::: EXERCISE MATERIAL

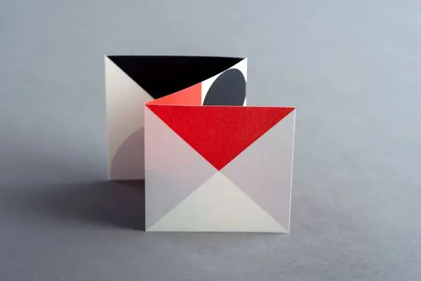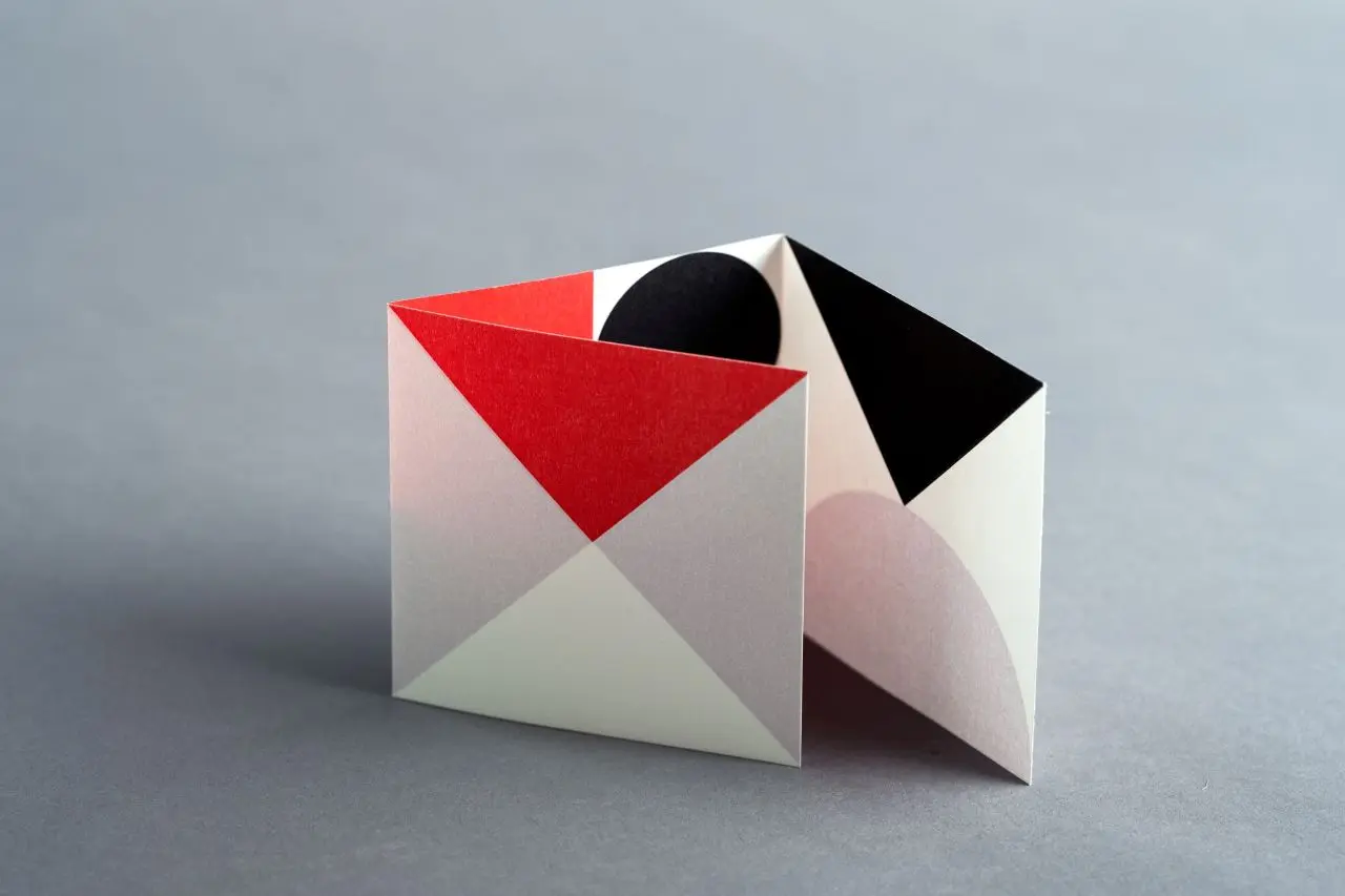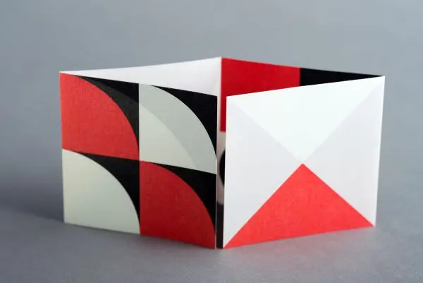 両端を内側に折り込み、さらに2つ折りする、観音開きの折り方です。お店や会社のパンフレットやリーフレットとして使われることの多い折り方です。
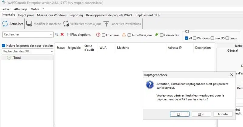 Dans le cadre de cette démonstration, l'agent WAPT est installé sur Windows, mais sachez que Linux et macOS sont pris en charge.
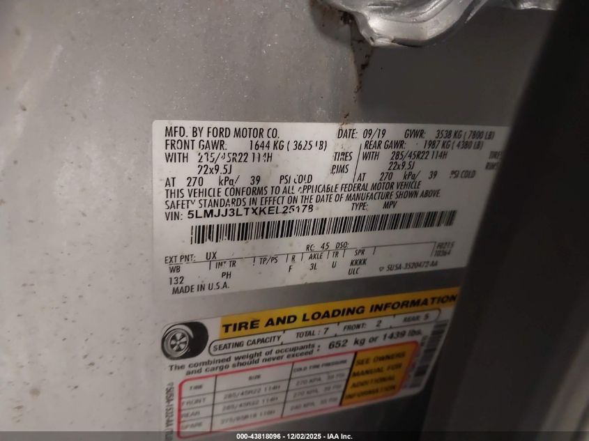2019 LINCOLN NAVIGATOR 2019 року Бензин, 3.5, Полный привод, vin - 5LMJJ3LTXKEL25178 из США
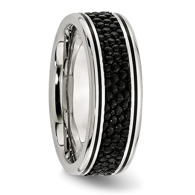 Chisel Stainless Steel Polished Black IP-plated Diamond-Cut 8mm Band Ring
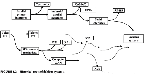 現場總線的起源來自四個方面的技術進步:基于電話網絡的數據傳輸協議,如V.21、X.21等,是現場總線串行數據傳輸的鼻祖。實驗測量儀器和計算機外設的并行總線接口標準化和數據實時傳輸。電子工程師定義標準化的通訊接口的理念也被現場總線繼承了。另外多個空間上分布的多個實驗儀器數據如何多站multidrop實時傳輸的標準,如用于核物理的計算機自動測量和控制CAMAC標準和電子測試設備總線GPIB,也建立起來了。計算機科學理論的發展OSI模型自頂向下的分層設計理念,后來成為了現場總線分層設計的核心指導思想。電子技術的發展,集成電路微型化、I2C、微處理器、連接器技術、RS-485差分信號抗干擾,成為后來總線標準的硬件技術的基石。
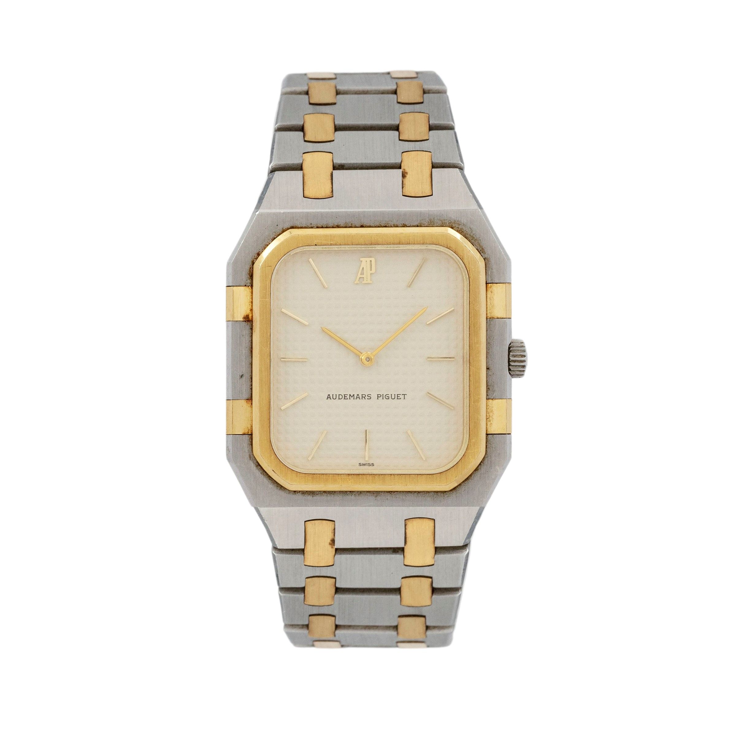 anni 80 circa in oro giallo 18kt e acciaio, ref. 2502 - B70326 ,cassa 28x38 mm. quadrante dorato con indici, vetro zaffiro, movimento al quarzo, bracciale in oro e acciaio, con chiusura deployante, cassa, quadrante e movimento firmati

::::::
::: EXERCISE MATERIAL

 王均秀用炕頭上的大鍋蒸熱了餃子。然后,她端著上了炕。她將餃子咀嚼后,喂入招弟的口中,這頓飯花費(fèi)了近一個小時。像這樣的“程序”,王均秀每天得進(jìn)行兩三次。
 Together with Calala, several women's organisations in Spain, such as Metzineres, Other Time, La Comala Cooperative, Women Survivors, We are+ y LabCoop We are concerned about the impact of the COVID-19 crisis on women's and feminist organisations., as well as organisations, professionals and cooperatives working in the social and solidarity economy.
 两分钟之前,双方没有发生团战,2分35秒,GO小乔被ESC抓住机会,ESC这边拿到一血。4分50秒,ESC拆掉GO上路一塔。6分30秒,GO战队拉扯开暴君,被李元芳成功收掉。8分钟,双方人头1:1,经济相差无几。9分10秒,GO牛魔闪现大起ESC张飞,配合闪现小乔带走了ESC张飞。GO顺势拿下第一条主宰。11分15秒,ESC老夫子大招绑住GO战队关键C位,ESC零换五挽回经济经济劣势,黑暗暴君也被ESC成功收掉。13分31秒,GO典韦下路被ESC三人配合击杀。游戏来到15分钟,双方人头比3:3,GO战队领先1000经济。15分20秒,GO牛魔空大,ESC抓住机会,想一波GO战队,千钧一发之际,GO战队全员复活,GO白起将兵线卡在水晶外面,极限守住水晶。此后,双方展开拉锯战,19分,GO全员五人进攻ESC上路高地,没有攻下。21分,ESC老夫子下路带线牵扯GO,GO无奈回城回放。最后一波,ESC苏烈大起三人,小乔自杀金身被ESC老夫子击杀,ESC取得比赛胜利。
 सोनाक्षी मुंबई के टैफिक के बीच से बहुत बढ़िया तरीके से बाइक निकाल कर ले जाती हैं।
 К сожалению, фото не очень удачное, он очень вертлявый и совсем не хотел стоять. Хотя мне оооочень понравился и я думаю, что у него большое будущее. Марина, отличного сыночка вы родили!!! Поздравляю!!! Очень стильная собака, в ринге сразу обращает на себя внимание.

::::::

What is needed is an exact copy of the lines above, from the one holding "現場總線的起源來自四個方面的" down to the one holding "anni 80 circa", with those two included and the pictures left out.

■ TASK ANSWER
 現場總線的起源來自四個方面的技術進步:基于電話網絡的數據傳輸協議,如V.21、X.21等,是現場總線串行數據傳輸的鼻祖。實驗測量儀器和計算機外設的并行總線接口標準化和數據實時傳輸。電子工程師定義標準化的通訊接口的理念也被現場總線繼承了。另外多個空間上分布的多個實驗儀器數據如何多站multidrop實時傳輸的標準,如用于核物理的計算機自動測量和控制CAMAC標準和電子測試設備總線GPIB,也建立起來了。計算機科學理論的發展OSI模型自頂向下的分層設計理念,后來成為了現場總線分層設計的核心指導思想。電子技術的發展,集成電路微型化、I2C、微處理器、連接器技術、RS-485差分信號抗干擾,成為后來總線標準的硬件技術的基石。
 anni 80 circa in oro giallo 18kt e acciaio, ref. 2502 - B70326 ,cassa 28x38 mm. quadrante dorato con indici, vetro zaffiro, movimento al quarzo, bracciale in oro e acciaio, con chiusura deployante, cassa, quadrante e movimento firmati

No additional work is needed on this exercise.